Lead singer Dylan Baldi calls Cloud Nothings’ Life Without Sound his take on New Age music. It’s an implication that the band is calming down, and abandoning their fuzzy punk roots.
If that’s true, it’s only slightly true.
There are tracks throughout Life Without Sound that pummel as hard as anything in Cloud Nothings’ catalogue, with production quality that slays and unbridled aggression that captures much of what Cloud Nothings has become known for. Tracks like “Darkened Rings” or “Strange Year” carry much of the craziness of albums like Here and Nowhere Else.
In other words, this isn’t exactly the sort of record you’d want to meditate to.

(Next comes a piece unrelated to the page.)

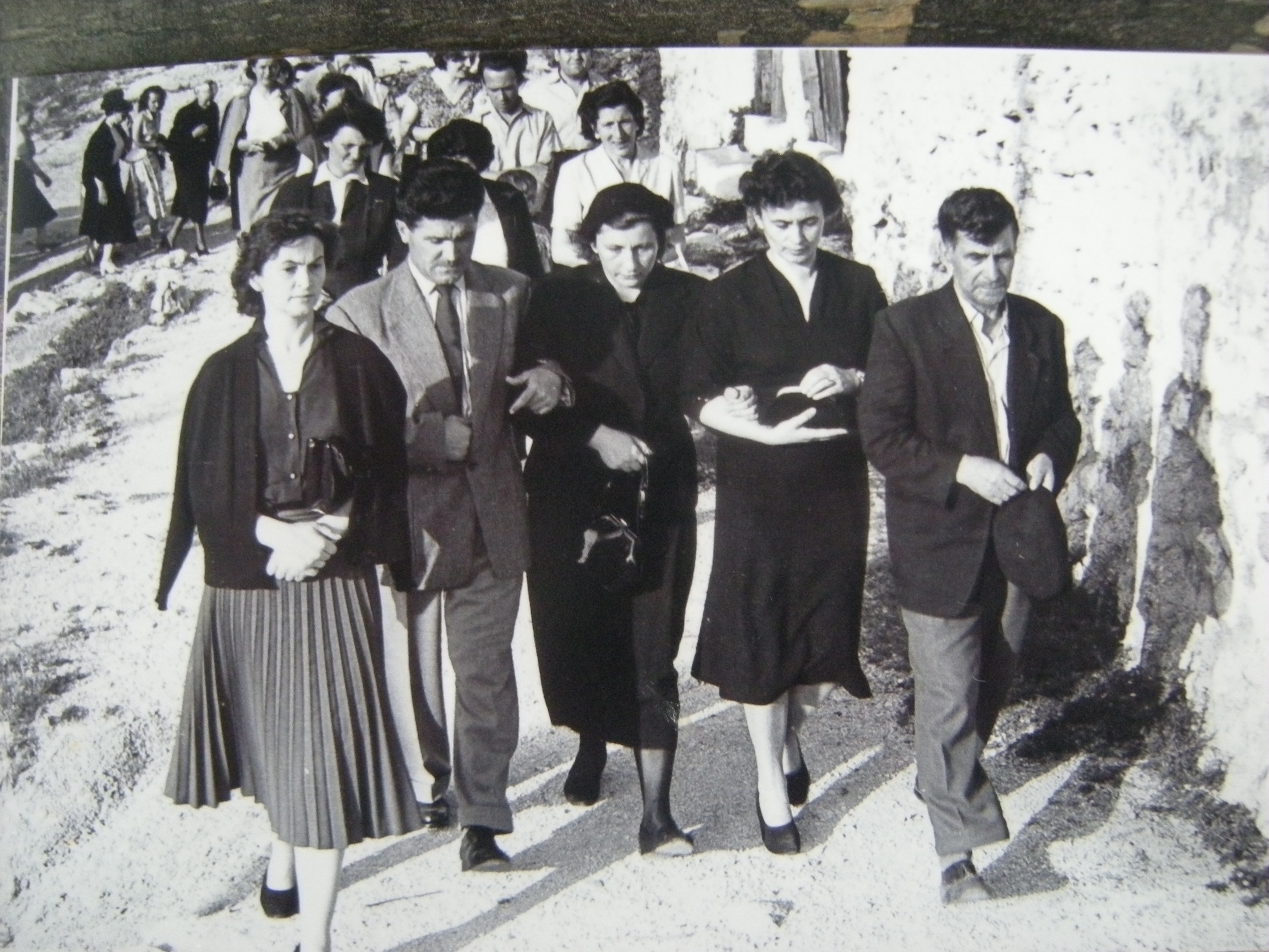 Sahrana Ljubice Batinić (rođ. Đuran, Biljanine bake), Mostar, 1958. Vela, Radin muž Mihailo, Rada Bjelaković, Boba Tošović, Uroš Đuran-Čiča.

That being said, there are new sounds on Life Without Sound. The band is more tuneful than ever before. The album opener, “Up to the Surface”, carries a piano in its intro and builds through a nearly pop-punk introduction. “Internal World” and “Enter Entirely” take their influence from bands like Weezer (and even some classic rock).
For Cloud Nothings, this is par for the course. Cloud Nothings’ trademark is our inability to know what an album is going to sound like upon release, and Life Without Sound is no different.
That’s not to say that Cloud Nothings is making music that sounds unlike themselves. They’re not making pop music, after all. But they’re embracing a method of songwriting that sounds less rushed and more tuneful. It’s a step in a new direction, but not necessarily a commercial one.
For the first time, Cloud Nothings just sounds optimistic.
Well, as optimistic as Cloud Nothings can sound.